OTTAWA—In the next nine months, we’ll be hearing a lot about the current federal government’s budget deficit and alleged wasteful spending.
So far, the deficit issue appears to pass for most of what the Conservatives would call a campaign platform, with leader Andrew Scheer suggesting, like United States President Donald Trump, that he alone can bring the federal government’s books back into balance.
Scheer’s party has even come up with a new wrinkle on this one, suggesting that budget deficits, and the resulting accumulated debt, are a “tax” on future generations. When making this sort of argument, people usually call it a “burden” on future generations.
But since the Conservatives are going to run a campaign arguing that Liberal taxes—particularly the carbon levy meant to fight climate change—are making life unaffordable for average Canadians, linking the deficit specifically to future taxes fits comfortably into Scheer’s hoped-for narrative.
Leaving aside the fact that Stephen Harper’s governments ran budget shortfalls nearly every year, the anti-deficit fixation is a perennial smokescreen that has been a powerful rhetorical weapon of right-wing economic policy hegemony going back decades.
With its appeal to mom-and-pop values of frugal family budgeting, the argument against governments spending more than they collect in taxes has long been used to fuel anti-government cynicism and has given several generations of politicians cover to systematically tear down the funding and services meant to help the non-rich with their social and economic problems.
This long-term conservative scenario, turbocharged by the likes of Margaret Thatcher and Ronald Reagan, has of course been spectacularly successful on a global basis.
Oxfam, the British-based consortium of charitable organizations, cites statistics showing that in wealthy countries between 1970 and 2013, the average top rate of personal income tax plummeted from 62 per cent to 38 per cent. In developing countries, the average top rate is 28 per cent. And in some countries, the poor pay a larger proportion of their income in taxes than high-income earners.
And tax-cutting on behalf of the rich has, as we know, played a major role in the international phenomenon of out-of-control inequality.
According to the recent Oxfam report, the richest 26 people globally now own as much as the poorest half of the world population. In Canada, Oxfam said, billionaires have seen their assets rise by $20-billion over the past year alone. Meanwhile, the 4.5 per cent of Canada’s wealth held by the poorest half of the population hasn’t grown.
In fact, the situation for millions here is getting worse with the rise of interest rates. A recent poll indicates nearly half of Canadians are $200 or less away each month from going broke.
Worse, some five million people, including hundreds of thousands of children, are estimated to be living below the poverty line in Canada, with food insecurity being a daily reality for most of them.
Between April 2017 and March 2018, for instance, Ontario’s food banks helped 227,321 households, inclusive of 501,590 adults, children, and seniors, according to the Ontario Association of Food Banks. And nationally, the number of people using food banks every year is in the one-million range.

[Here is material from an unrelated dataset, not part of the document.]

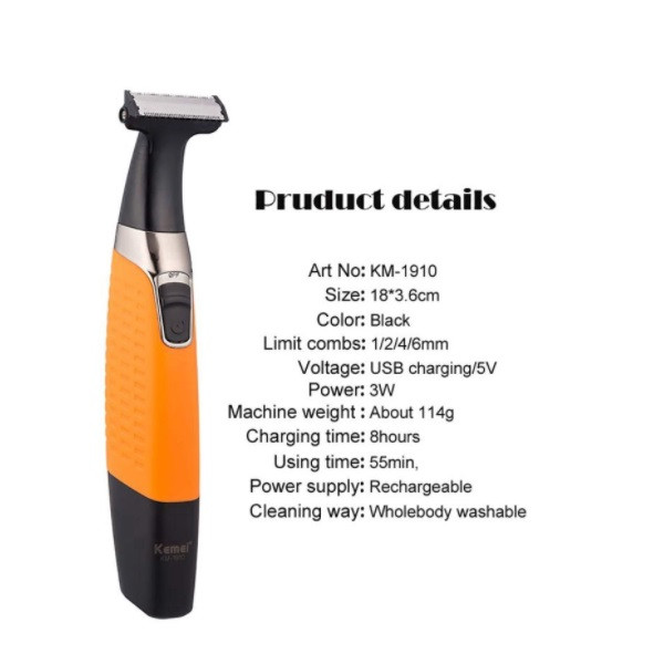 استفاده از ماشین اصلاحی که بتواند موهای بدن را زیر دوش یا با استفاده از فوم کوتاه کند، برای بسیاری از مردان مهم است. KM-1910 که توسط شرکت «کیمی» (Kemei) تولید شده، دارای قابلیت شستشو و مقاومت در برابر آب است که موجب کوتاه کردن راحتتر موهای بدن میشود. این محصول سریهای قابل شستشو نیز دارد که در صورت استفاده از فوم و خمیر ریش میتوان آنها را شست. تیغههای از جنس استیل ضدزنگ این دستگاه ،به مقاومت دستگاه در برابر رطوبت و زنگزدگی میافزاید. برای KM-1910 باتری قابل شارژ بهعنوان منبع تغذیه در نظر گرفته شده است. این محصول 3 شانه در اندازههای مختلف دارد که موجب کوتاه شدن موهای بدن در 4 اندازه ی مختلف میشود. همچنین با استفاده از سری تریمر این دستگاه میتوان موهای بدن را در اندازهی 0.2 میلیمتر کوتاه کرد و از داشتن تهریشی زیبا لذت برد . از اقلام همراه این مدل میتوان به روغن اشاره کرد که موجب راحتتر حرکت کردن تیغههای ماشین اصلاح میشود. با استفاده از برس تمیز کننده میتوان موهای باقی مانده در دستگاه را تمیز کرد.از نکات جالبی که میتوان در استفاده کردن از این دستگاه اشاره کرد، طراحی مناسب بدنه است که در دست گرفتن و قرار دادن آن را روی پوست صورت آسانتر میکند. KM-1910 دارای تیغه از جنس استیل ضد زنگ، قابلیت شستشو، سری قابل شستشو، منبع تغذیهی باتری قابل شارژ است.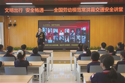 近日,北京公交集团客四分公司工会邀请全国劳动模范常洪霞走进门头沟区育园小学,为学生带来了一堂生动的“安全第一课”。常洪霞结合学生日常出行场景,围绕“如何安全候车”“乘车注意事项”“下车后如何过马路”等关键环节,深入浅出地分析潜在安全隐患,并讲述自己多年坚守公交岗位的温暖经历,让劳模精神融入校园。

Prime Minister Justin Trudeau’s government took steps to address these problems somewhat by shifting more fiscal resources to support families. And tax measures to help people make the transition from welfare to full-time employment without ending up worse off financially are receiving much-needed (though still inadequate) improvements.
But, outrageously, the related issues of poverty and the ballooning income gap continue to be largely ignored in political discourse. Rather, our political debates are dominated by pro-business ideology and the long-discredited trickle-down theory of wealth creation that has propped up right-wing economic policy in the West for most of its half-century ascendancy.
Instead of talking about reducing government spending and cutting taxes, Canadian leaders should be talking about the urgent need to provide better support and hope for those at the bottom of the income scale—such as through better health care, more educational opportunities, housing options to get people permanently off the streets, food banks that can be used more than once a month, daycare that gives people an opportunity to join the workforce, and so on.
The solutions have been exhaustingly studied. The issue is whether Canadians have the will to demand a better life and a better country for all—or whether voters will continue to be distracted by leaders generating imaginary fear of government deficits, encouraging worship of wealth, and quietly assuring people it’s okay to think selfishly of your needs before those of others.
We’ll see what the federal parties really stand for between now and October’s election.
Les Whittington is an Ottawa journalist and a regular contributor to The Hill Times.